[Recorded data]
'''

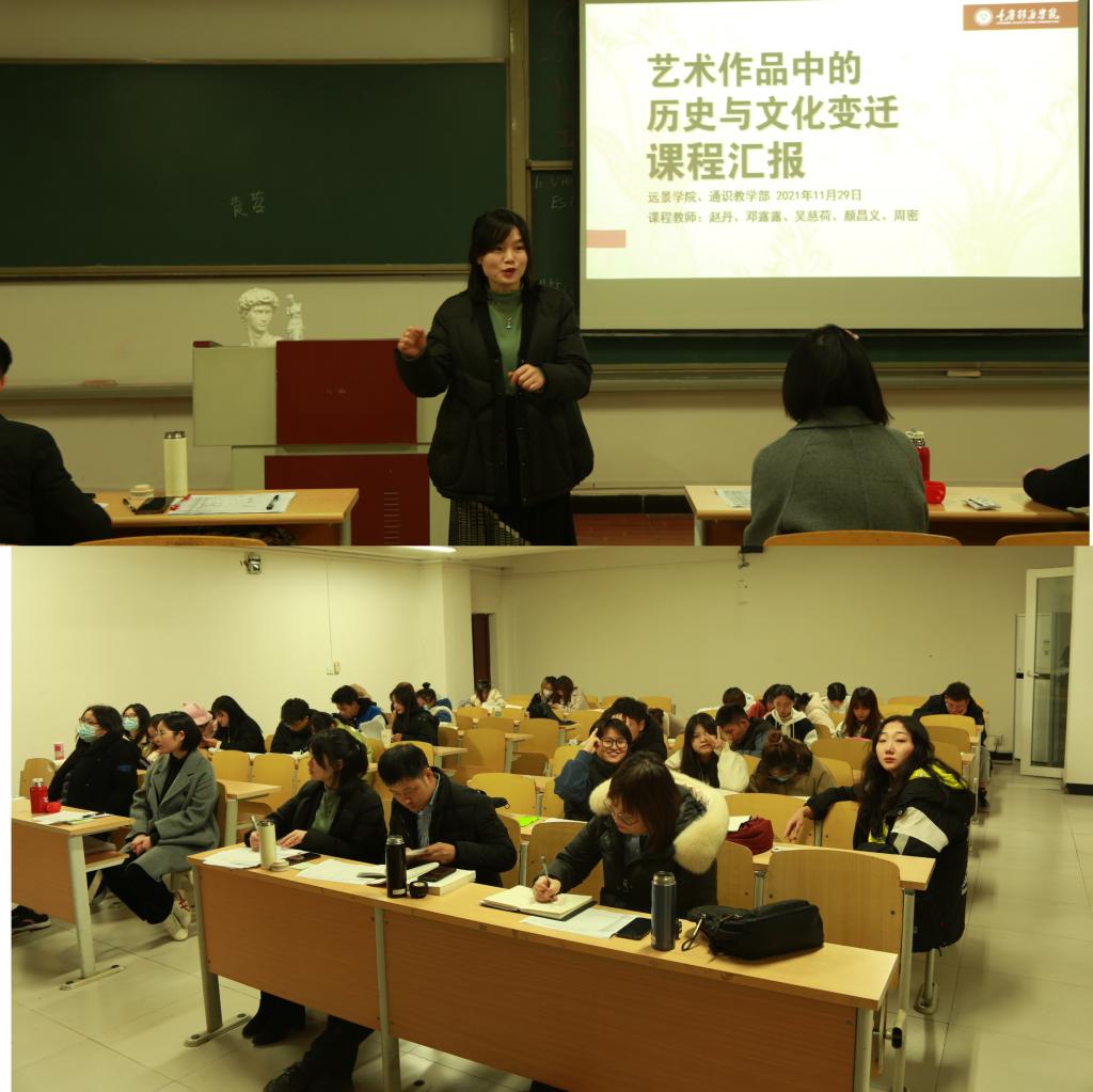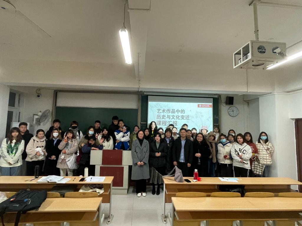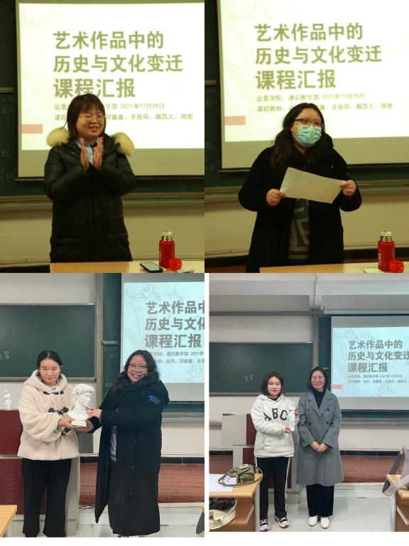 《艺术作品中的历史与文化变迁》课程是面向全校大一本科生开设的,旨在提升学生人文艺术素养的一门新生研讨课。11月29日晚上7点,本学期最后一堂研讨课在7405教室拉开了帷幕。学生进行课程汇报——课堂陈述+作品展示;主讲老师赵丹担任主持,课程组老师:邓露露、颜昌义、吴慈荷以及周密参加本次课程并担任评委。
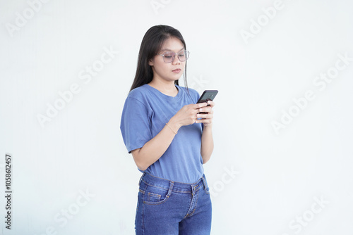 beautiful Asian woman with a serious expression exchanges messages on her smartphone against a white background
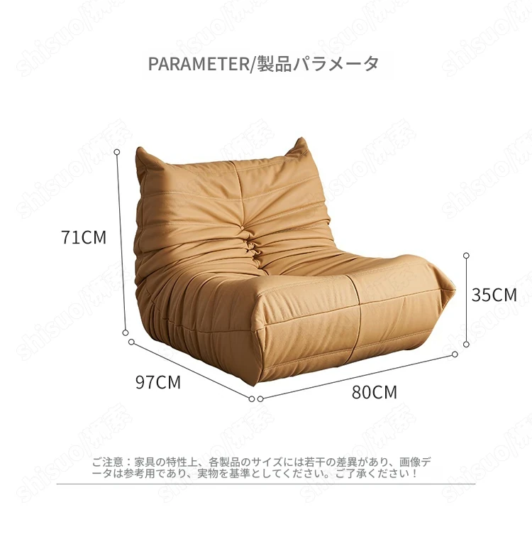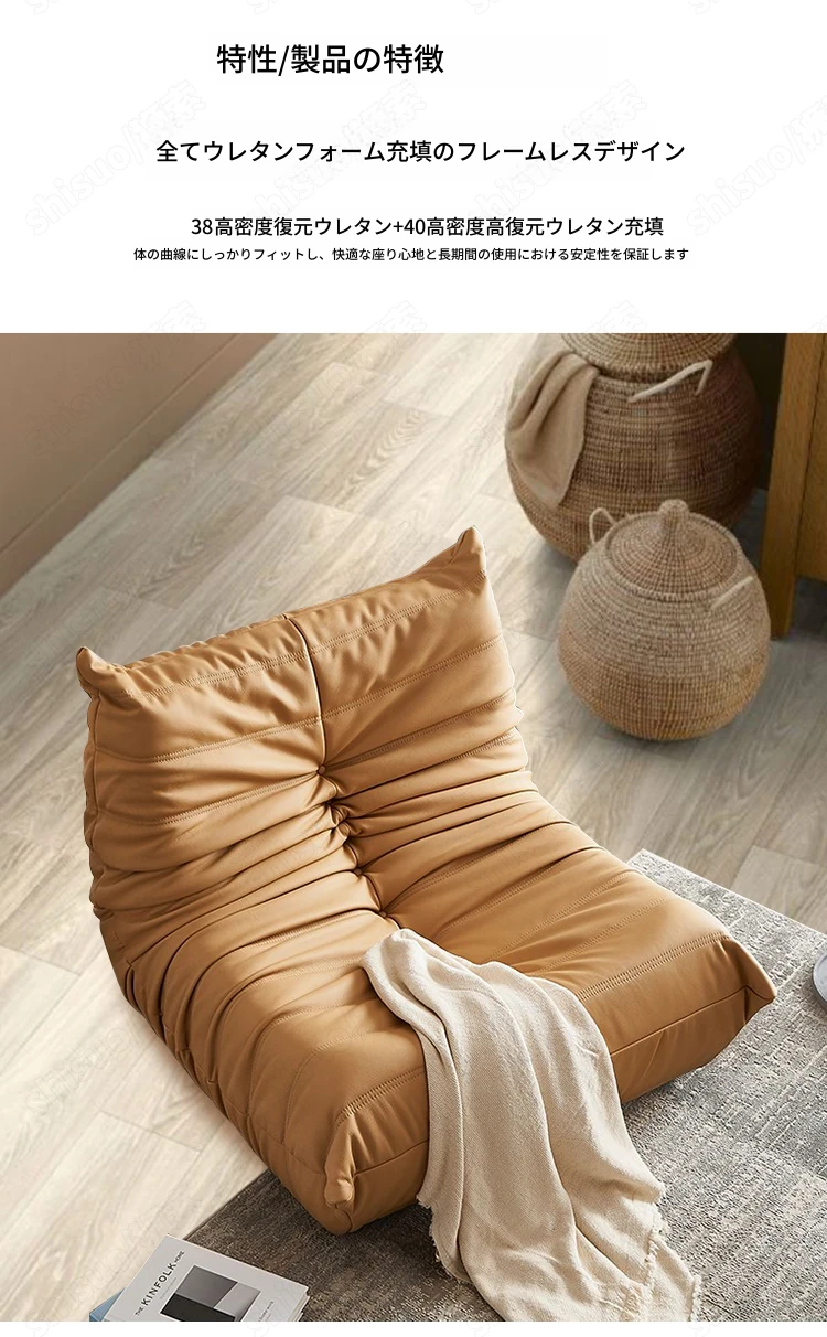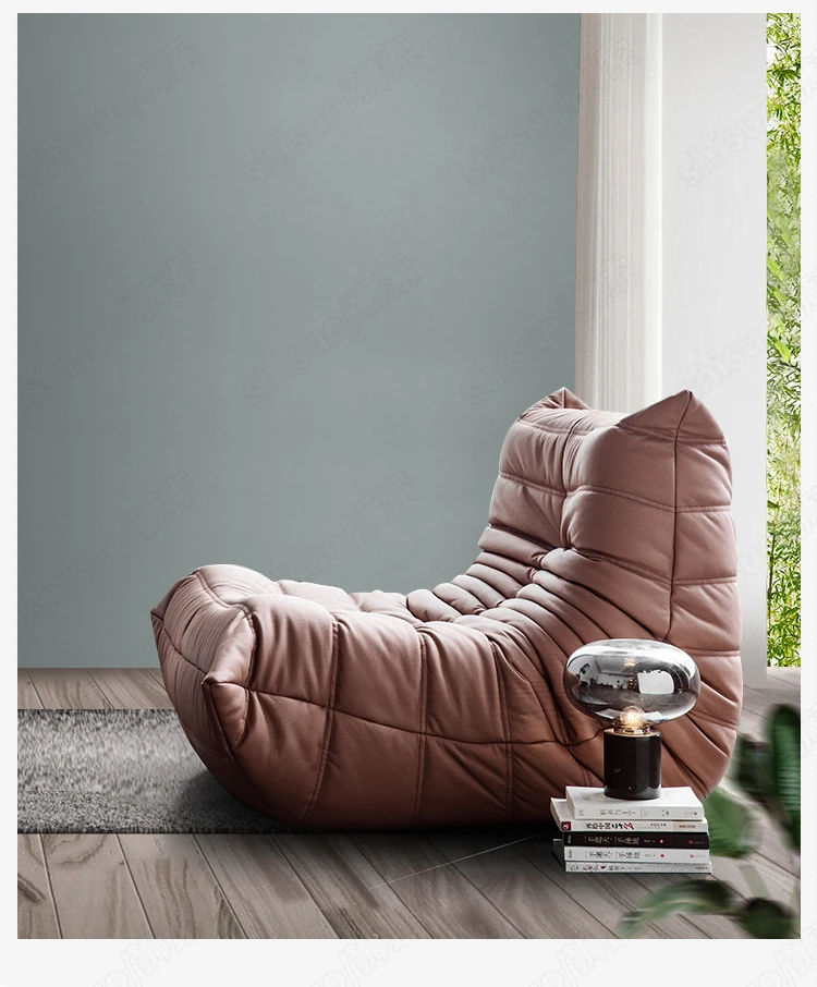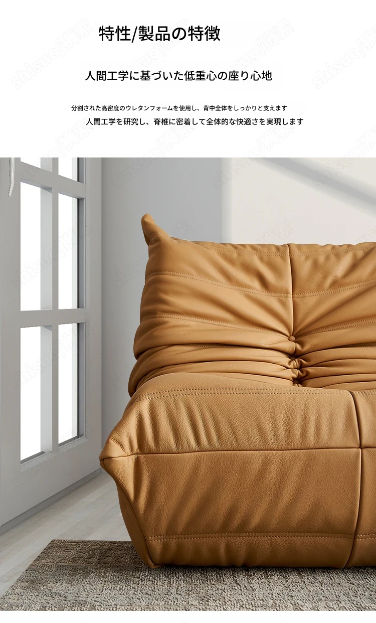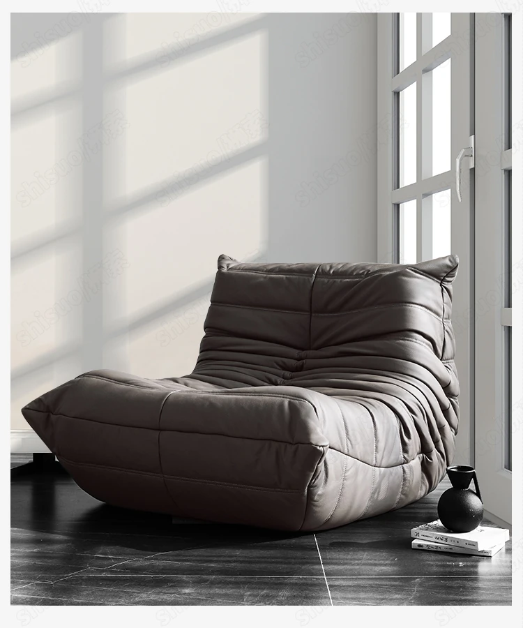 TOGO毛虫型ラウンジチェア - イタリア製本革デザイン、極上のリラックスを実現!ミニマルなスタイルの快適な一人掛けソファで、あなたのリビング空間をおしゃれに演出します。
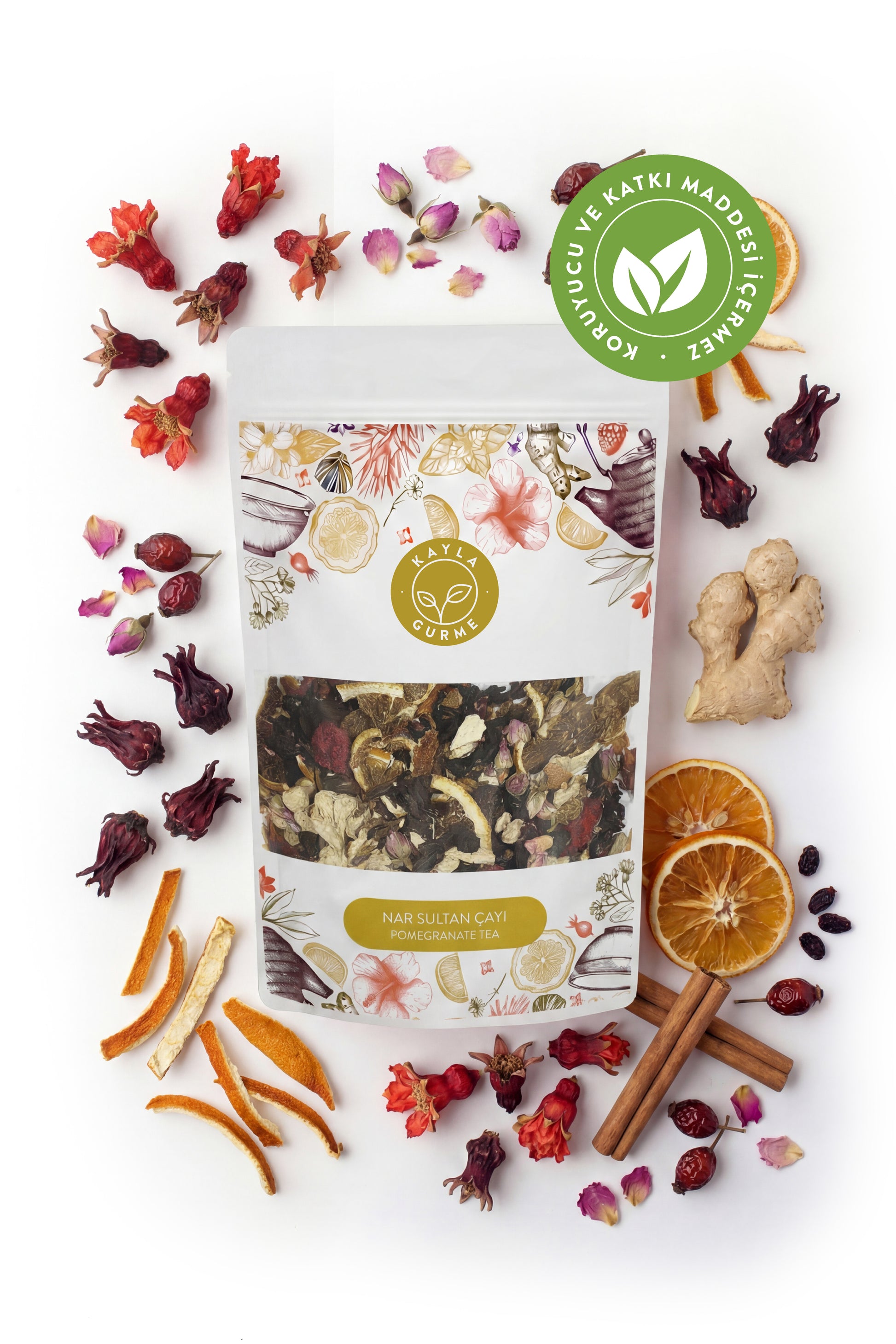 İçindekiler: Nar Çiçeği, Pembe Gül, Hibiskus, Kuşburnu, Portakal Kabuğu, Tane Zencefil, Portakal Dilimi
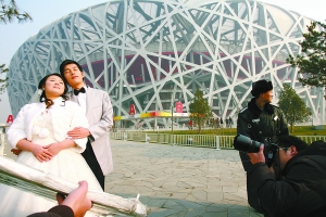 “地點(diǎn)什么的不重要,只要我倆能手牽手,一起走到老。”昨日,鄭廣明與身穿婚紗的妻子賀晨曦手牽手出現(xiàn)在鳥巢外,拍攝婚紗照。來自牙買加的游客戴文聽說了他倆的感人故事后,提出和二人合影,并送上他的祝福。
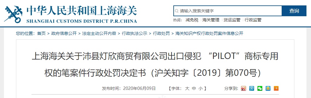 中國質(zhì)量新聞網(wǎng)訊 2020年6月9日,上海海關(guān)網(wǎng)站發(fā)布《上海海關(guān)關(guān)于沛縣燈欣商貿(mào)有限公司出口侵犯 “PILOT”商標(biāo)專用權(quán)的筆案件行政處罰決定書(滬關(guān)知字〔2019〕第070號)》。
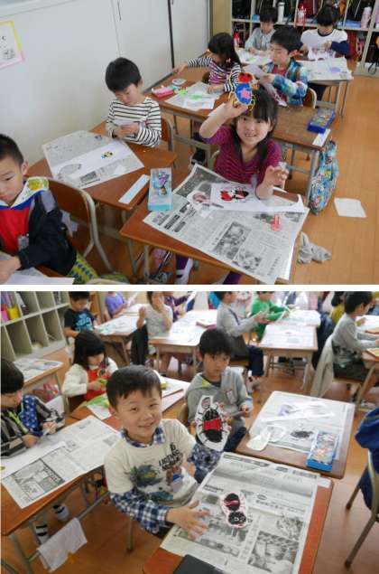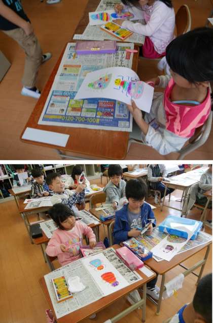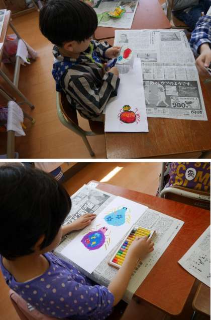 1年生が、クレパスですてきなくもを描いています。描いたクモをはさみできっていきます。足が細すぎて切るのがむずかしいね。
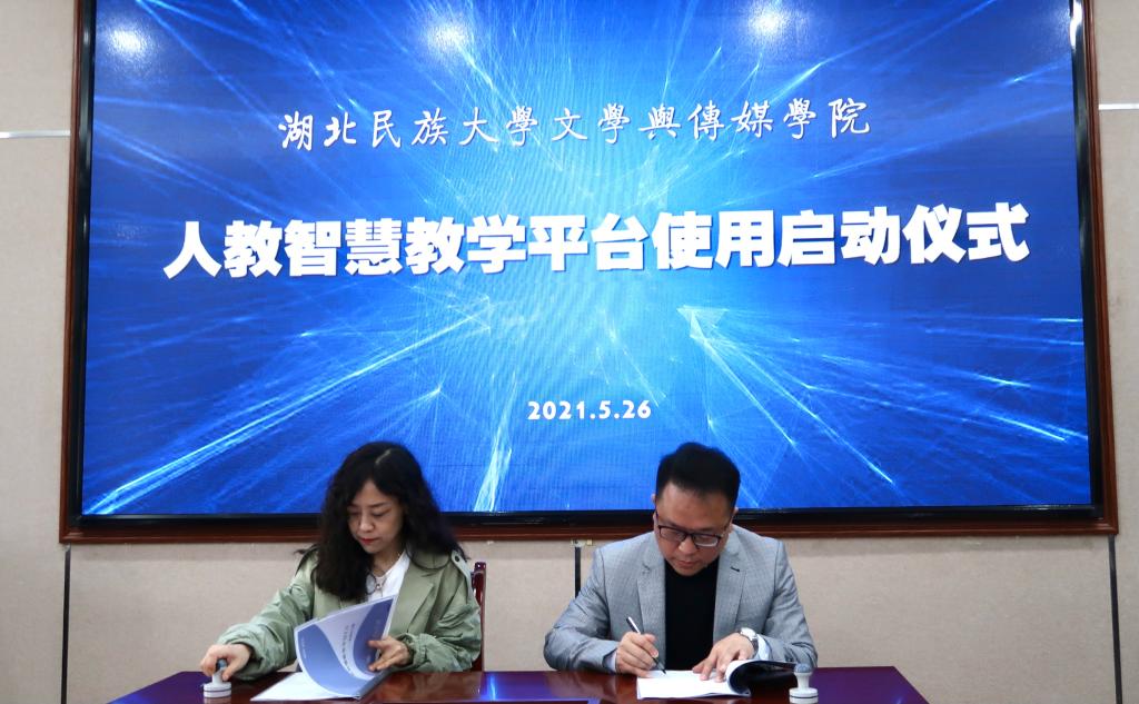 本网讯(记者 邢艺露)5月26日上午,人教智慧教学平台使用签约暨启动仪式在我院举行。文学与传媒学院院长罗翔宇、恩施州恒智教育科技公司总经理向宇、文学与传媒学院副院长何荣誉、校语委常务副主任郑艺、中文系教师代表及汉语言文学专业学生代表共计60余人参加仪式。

'''

From the first line to the last, retype the entries above exactly, minus the pictures.

#### Result of this exercise:
 《艺术作品中的历史与文化变迁》课程是面向全校大一本科生开设的,旨在提升学生人文艺术素养的一门新生研讨课。11月29日晚上7点,本学期最后一堂研讨课在7405教室拉开了帷幕。学生进行课程汇报——课堂陈述+作品展示;主讲老师赵丹担任主持,课程组老师:邓露露、颜昌义、吴慈荷以及周密参加本次课程并担任评委。
 beautiful Asian woman with a serious expression exchanges messages on her smartphone against a white background
 TOGO毛虫型ラウンジチェア - イタリア製本革デザイン、極上のリラックスを実現!ミニマルなスタイルの快適な一人掛けソファで、あなたのリビング空間をおしゃれに演出します。
 İçindekiler: Nar Çiçeği, Pembe Gül, Hibiskus, Kuşburnu, Portakal Kabuğu, Tane Zencefil, Portakal Dilimi
 “地點(diǎn)什么的不重要,只要我倆能手牽手,一起走到老。”昨日,鄭廣明與身穿婚紗的妻子賀晨曦手牽手出現(xiàn)在鳥巢外,拍攝婚紗照。來自牙買加的游客戴文聽說了他倆的感人故事后,提出和二人合影,并送上他的祝福。
 中國質(zhì)量新聞網(wǎng)訊 2020年6月9日,上海海關(guān)網(wǎng)站發(fā)布《上海海關(guān)關(guān)于沛縣燈欣商貿(mào)有限公司出口侵犯 “PILOT”商標(biāo)專用權(quán)的筆案件行政處罰決定書(滬關(guān)知字〔2019〕第070號)》。
 1年生が、クレパスですてきなくもを描いています。描いたクモをはさみできっていきます。足が細すぎて切るのがむずかしいね。
 本网讯(记者 邢艺露)5月26日上午,人教智慧教学平台使用签约暨启动仪式在我院举行。文学与传媒学院院长罗翔宇、恩施州恒智教育科技公司总经理向宇、文学与传媒学院副院长何荣誉、校语委常务副主任郑艺、中文系教师代表及汉语言文学专业学生代表共计60余人参加仪式。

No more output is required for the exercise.